_Work required:_ Below is a listing with pictures. Repeat exactly the lines starting at the one holding "TrI Magnésio ( Dimalato" and going on through the one holding "That is why", and leave every picture out.

_Source data:_
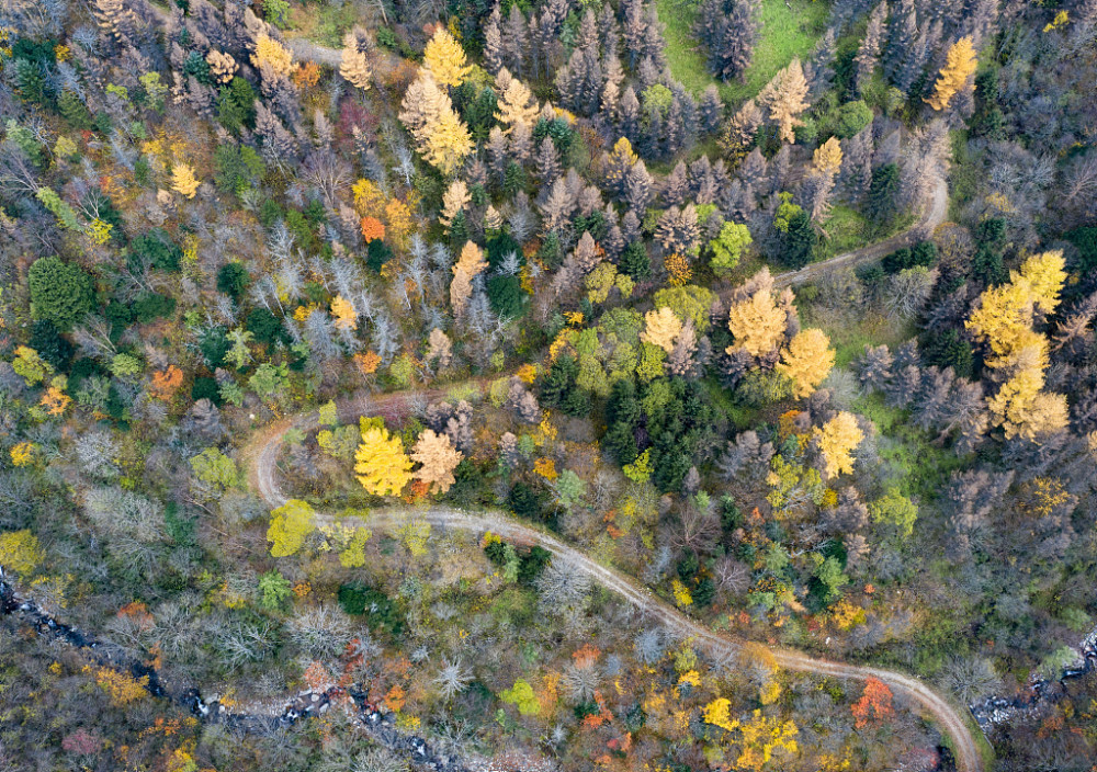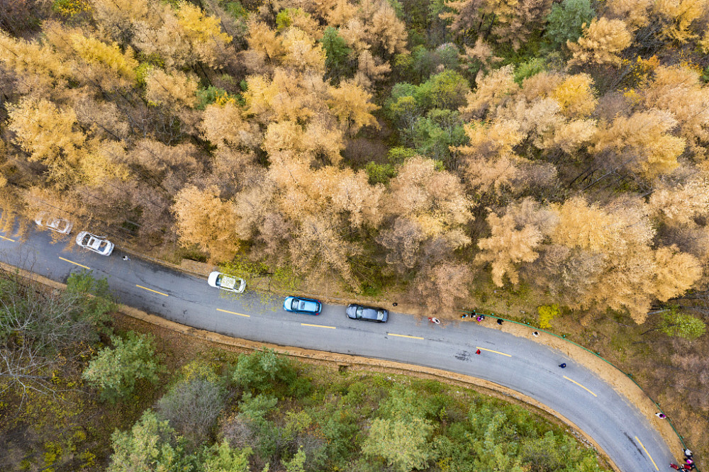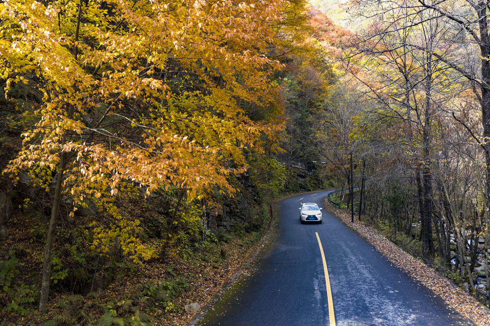 每到深秋时节,漫天黄叶飞舞,一路金黄灿烂,天地之间都是浓得化不开的金黄景色。沿途重峦叠嶂、层林尽染,溪水沿路流淌,水旁路边有着田园民居,鸡狗牛羊散落其间,一幅宁静秀美的田园净土。
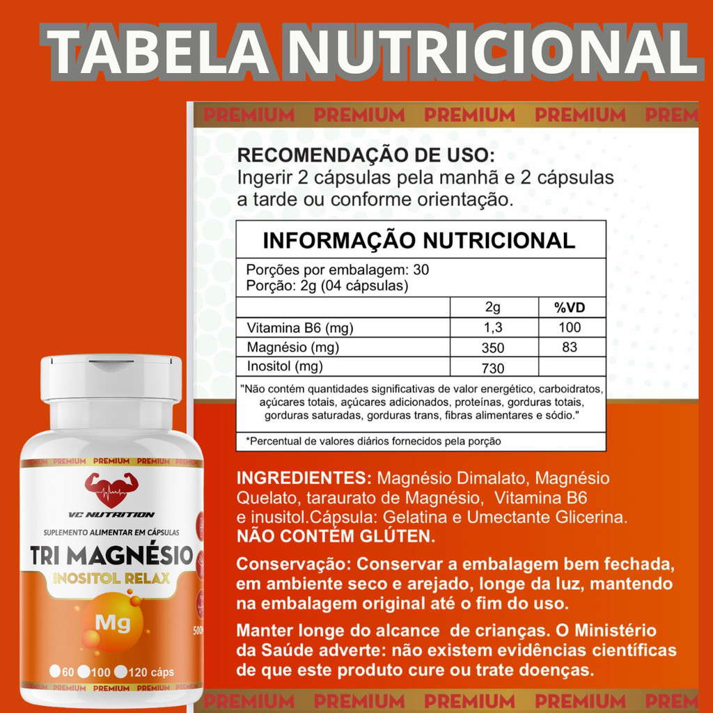 TrI Magnésio ( Dimalato - Quelato - Taraurato ) + Vitamina B6 + Inositol - Legitimo 100% original 120 cps 500mg O Tri Magnésio combina magnésio dimalato, quelato e taurato, formas altamente biodisponíveis, que apoiam a saúde muscular, óssea e nervosa. Junto com a vitamina B6, potencializa a absorção de magnésio, regula o metabolismo energético e alivia sintomas de fadiga e estresse. O inositol contribui para o equilíbrio hormonal, melhora a qualidade do sono e apoia a saúde mental. Este suplemento 100% original é ideal para quem busca mais energia, relaxamento muscular e bem-estar geral, ajudando na prevenção de câimbras, fortalecimento dos ossos e melhora da função cardiovascular. Uma fórmula completa para uma vida mais saudável e equilibrada. Atenção: Esse produto Nâo é medicamento ! É um suplemento alimentar
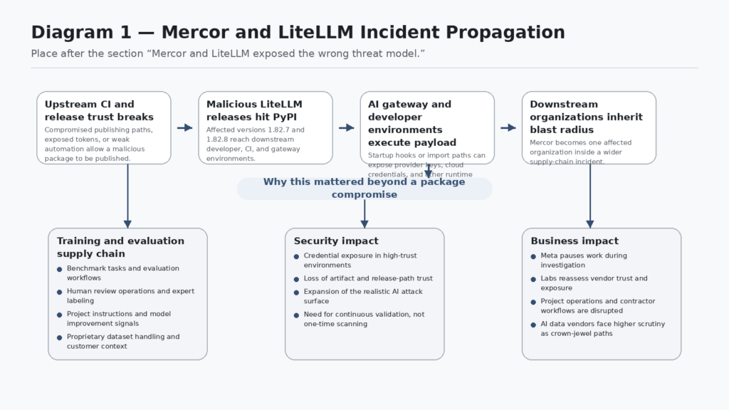 That is why the incident changed the conversation. If you still define AI security as prompt injection, jailbreaks, tool abuse, and output filtering, you are looking at the model application layer while a more consequential fight is happening inside the model production layer. Mercor told TechCrunch it was one of thousands of companies affected by the broader LiteLLM compromise. The story is not just that a Python package was poisoned. The story is that a package compromise reached into a company involved in creating and evaluating the data that helps frontier labs improve model behavior. (TechCrunch)
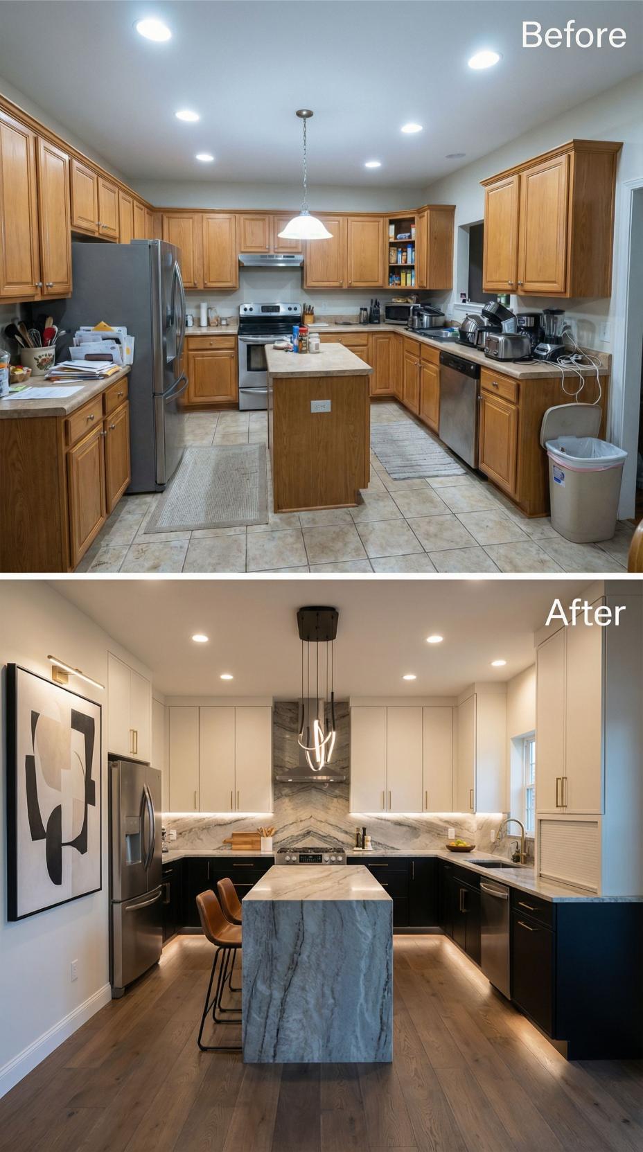 Dramatic black lower cabinets contrast beautifully with crisp white uppers, replacing the original builder grade kitchen’s honey oak cabinetry. Stunning marble countertops and a waterfall island create luxury focal points, while warm hardwood floors and sleek pendant lighting complete this sophisticated transformation. Under-cabinet LED strips illuminate the gorgeous marble backsplash, elevating every design element.

_Written solution:_
 TrI Magnésio ( Dimalato - Quelato - Taraurato ) + Vitamina B6 + Inositol - Legitimo 100% original 120 cps 500mg O Tri Magnésio combina magnésio dimalato, quelato e taurato, formas altamente biodisponíveis, que apoiam a saúde muscular, óssea e nervosa. Junto com a vitamina B6, potencializa a absorção de magnésio, regula o metabolismo energético e alivia sintomas de fadiga e estresse. O inositol contribui para o equilíbrio hormonal, melhora a qualidade do sono e apoia a saúde mental. Este suplemento 100% original é ideal para quem busca mais energia, relaxamento muscular e bem-estar geral, ajudando na prevenção de câimbras, fortalecimento dos ossos e melhora da função cardiovascular. Uma fórmula completa para uma vida mais saudável e equilibrada. Atenção: Esse produto Nâo é medicamento ! É um suplemento alimentar
 That is why the incident changed the conversation. If you still define AI security as prompt injection, jailbreaks, tool abuse, and output filtering, you are looking at the model application layer while a more consequential fight is happening inside the model production layer. Mercor told TechCrunch it was one of thousands of companies affected by the broader LiteLLM compromise. The story is not just that a Python package was poisoned. The story is that a package compromise reached into a company involved in creating and evaluating the data that helps frontier labs improve model behavior. (TechCrunch)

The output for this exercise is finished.